Work order >>
Using the listing below, output only the lines from the one that contains "Pakaian Latihan Set" through the one that contains "Am Sonntag, 15.", inclusive, exactly as given and without images.

Provided information >>

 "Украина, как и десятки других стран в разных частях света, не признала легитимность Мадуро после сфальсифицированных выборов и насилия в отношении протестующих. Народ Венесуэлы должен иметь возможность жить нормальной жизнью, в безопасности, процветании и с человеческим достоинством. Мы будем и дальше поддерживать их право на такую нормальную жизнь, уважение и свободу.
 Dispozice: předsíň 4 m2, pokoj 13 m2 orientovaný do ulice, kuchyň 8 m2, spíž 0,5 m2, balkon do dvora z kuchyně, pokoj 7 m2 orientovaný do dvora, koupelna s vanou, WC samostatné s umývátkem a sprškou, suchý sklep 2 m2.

==

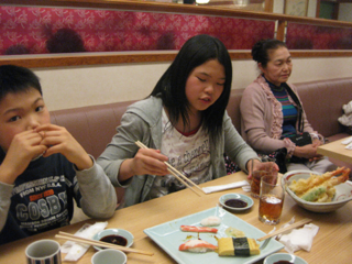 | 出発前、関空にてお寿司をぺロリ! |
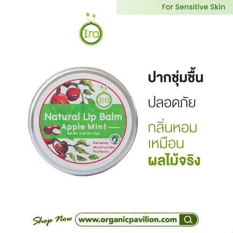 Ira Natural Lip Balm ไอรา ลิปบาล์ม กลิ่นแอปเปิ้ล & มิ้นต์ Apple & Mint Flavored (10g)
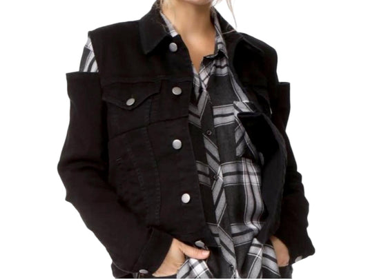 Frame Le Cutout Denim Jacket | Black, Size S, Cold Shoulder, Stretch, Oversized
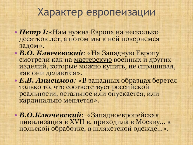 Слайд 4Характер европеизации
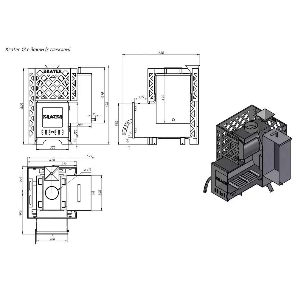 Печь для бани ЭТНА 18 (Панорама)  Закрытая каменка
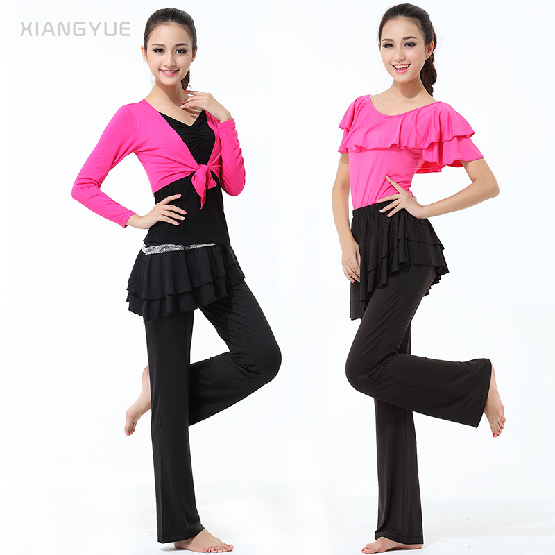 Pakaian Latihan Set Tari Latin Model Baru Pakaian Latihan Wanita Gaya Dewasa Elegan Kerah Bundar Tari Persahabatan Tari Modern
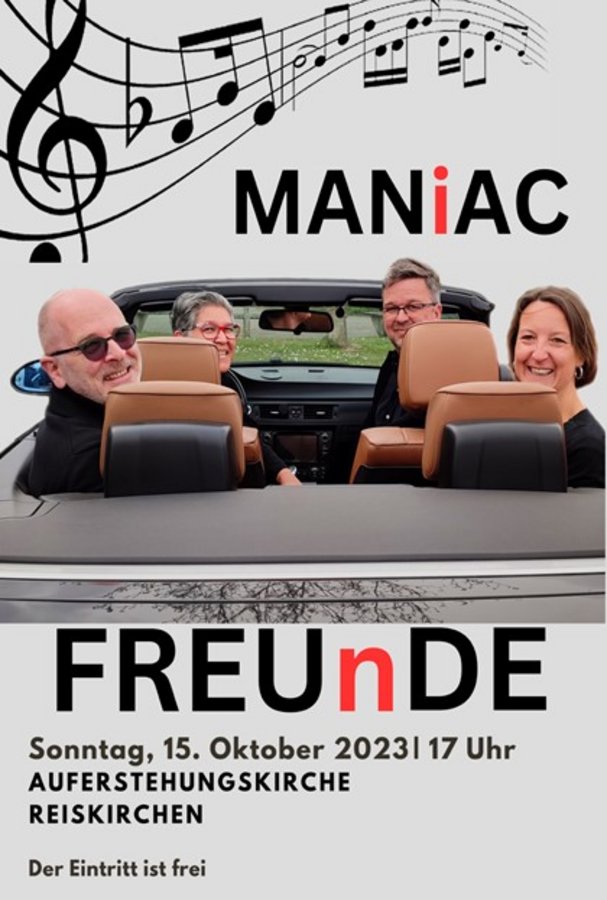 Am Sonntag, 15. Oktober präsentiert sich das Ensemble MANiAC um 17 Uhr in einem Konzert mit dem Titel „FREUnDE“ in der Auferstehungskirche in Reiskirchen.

Your solution >>
 Pakaian Latihan Set Tari Latin Model Baru Pakaian Latihan Wanita Gaya Dewasa Elegan Kerah Bundar Tari Persahabatan Tari Modern
 Am Sonntag, 15. Oktober präsentiert sich das Ensemble MANiAC um 17 Uhr in einem Konzert mit dem Titel „FREUnDE“ in der Auferstehungskirche in Reiskirchen.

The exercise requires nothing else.